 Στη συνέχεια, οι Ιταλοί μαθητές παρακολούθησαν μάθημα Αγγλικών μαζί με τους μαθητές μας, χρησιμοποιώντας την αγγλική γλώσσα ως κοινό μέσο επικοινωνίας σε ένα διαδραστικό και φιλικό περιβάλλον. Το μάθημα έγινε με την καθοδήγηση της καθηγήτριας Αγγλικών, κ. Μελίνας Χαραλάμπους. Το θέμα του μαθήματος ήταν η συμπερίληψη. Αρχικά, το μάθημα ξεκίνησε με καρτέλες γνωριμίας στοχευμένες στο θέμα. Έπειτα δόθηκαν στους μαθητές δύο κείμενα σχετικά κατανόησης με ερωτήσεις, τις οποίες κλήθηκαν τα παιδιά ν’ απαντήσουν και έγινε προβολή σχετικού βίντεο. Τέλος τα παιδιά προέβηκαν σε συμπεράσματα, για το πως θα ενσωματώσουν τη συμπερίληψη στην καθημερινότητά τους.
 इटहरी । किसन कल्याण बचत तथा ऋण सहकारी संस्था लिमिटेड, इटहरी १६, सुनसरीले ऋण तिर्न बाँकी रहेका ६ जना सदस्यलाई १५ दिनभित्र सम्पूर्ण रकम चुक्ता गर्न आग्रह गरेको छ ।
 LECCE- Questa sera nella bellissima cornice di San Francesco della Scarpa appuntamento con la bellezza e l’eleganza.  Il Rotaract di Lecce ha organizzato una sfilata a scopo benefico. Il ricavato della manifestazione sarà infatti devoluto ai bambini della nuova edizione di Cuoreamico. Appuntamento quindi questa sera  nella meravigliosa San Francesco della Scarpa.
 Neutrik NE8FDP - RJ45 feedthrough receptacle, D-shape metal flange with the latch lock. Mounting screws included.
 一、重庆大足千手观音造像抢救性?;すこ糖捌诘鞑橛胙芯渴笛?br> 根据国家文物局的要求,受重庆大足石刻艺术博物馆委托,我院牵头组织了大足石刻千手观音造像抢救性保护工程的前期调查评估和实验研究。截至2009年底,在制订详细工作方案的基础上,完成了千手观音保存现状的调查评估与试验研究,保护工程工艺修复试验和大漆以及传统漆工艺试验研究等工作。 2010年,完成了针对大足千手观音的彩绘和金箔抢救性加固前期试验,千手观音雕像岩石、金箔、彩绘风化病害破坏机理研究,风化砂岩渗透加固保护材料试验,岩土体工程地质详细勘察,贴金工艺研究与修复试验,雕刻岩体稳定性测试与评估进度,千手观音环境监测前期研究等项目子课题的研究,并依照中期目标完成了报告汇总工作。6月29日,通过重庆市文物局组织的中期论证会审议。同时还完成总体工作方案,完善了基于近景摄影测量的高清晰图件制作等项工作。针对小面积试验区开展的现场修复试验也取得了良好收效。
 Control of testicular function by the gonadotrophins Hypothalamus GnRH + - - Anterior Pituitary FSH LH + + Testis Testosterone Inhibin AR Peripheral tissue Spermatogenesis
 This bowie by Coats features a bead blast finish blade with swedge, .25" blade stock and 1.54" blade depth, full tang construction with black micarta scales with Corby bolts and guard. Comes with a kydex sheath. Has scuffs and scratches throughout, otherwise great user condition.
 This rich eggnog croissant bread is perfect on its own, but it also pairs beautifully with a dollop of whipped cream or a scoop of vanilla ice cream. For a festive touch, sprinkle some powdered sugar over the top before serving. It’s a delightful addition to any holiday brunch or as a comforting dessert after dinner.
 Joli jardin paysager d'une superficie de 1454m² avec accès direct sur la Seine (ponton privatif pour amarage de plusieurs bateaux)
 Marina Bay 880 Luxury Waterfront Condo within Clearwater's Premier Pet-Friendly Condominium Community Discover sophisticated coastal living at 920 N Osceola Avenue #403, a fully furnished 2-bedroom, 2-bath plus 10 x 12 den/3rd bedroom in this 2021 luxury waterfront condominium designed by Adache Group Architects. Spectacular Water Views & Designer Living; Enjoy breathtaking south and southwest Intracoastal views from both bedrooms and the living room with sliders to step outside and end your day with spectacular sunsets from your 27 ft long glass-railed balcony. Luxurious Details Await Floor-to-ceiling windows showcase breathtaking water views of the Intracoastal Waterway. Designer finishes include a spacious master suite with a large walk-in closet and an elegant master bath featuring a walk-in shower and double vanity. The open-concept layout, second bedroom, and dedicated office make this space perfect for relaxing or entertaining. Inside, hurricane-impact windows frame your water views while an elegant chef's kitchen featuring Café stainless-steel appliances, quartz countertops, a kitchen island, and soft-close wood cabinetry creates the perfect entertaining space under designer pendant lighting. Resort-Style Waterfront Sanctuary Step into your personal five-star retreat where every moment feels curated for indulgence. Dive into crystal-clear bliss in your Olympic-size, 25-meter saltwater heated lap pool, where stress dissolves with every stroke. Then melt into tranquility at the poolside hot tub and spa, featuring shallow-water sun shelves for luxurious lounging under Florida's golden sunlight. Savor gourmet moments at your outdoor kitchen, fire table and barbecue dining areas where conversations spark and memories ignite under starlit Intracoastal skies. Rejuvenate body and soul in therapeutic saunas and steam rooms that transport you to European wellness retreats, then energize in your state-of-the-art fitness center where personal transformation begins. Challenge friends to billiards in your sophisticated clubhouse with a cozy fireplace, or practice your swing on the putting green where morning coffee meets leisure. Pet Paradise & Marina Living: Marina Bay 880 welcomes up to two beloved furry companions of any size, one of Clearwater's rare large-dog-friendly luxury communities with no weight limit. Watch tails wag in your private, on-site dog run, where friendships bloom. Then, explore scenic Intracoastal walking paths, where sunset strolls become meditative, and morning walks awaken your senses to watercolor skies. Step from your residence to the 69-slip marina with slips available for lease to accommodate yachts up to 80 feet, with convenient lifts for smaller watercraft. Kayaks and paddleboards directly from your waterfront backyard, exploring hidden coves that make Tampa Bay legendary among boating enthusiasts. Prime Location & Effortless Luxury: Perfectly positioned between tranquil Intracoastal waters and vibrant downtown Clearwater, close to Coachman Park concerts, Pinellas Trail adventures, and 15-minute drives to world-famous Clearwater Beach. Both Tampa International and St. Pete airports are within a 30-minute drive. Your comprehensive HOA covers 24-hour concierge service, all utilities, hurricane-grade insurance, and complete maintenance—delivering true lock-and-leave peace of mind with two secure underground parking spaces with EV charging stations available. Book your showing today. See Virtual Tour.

--- Task item ---
All lines from the opening of the material through the line that contains "इटहरी । किसन" are to be printed exactly, with no others.

--- Worked solution ---
 Στη συνέχεια, οι Ιταλοί μαθητές παρακολούθησαν μάθημα Αγγλικών μαζί με τους μαθητές μας, χρησιμοποιώντας την αγγλική γλώσσα ως κοινό μέσο επικοινωνίας σε ένα διαδραστικό και φιλικό περιβάλλον. Το μάθημα έγινε με την καθοδήγηση της καθηγήτριας Αγγλικών, κ. Μελίνας Χαραλάμπους. Το θέμα του μαθήματος ήταν η συμπερίληψη. Αρχικά, το μάθημα ξεκίνησε με καρτέλες γνωριμίας στοχευμένες στο θέμα. Έπειτα δόθηκαν στους μαθητές δύο κείμενα σχετικά κατανόησης με ερωτήσεις, τις οποίες κλήθηκαν τα παιδιά ν’ απαντήσουν και έγινε προβολή σχετικού βίντεο. Τέλος τα παιδιά προέβηκαν σε συμπεράσματα, για το πως θα ενσωματώσουν τη συμπερίληψη στην καθημερινότητά τους.
 इटहरी । किसन कल्याण बचत तथा ऋण सहकारी संस्था लिमिटेड, इटहरी १६, सुनसरीले ऋण तिर्न बाँकी रहेका ६ जना सदस्यलाई १५ दिनभित्र सम्पूर्ण रकम चुक्ता गर्न आग्रह गरेको छ ।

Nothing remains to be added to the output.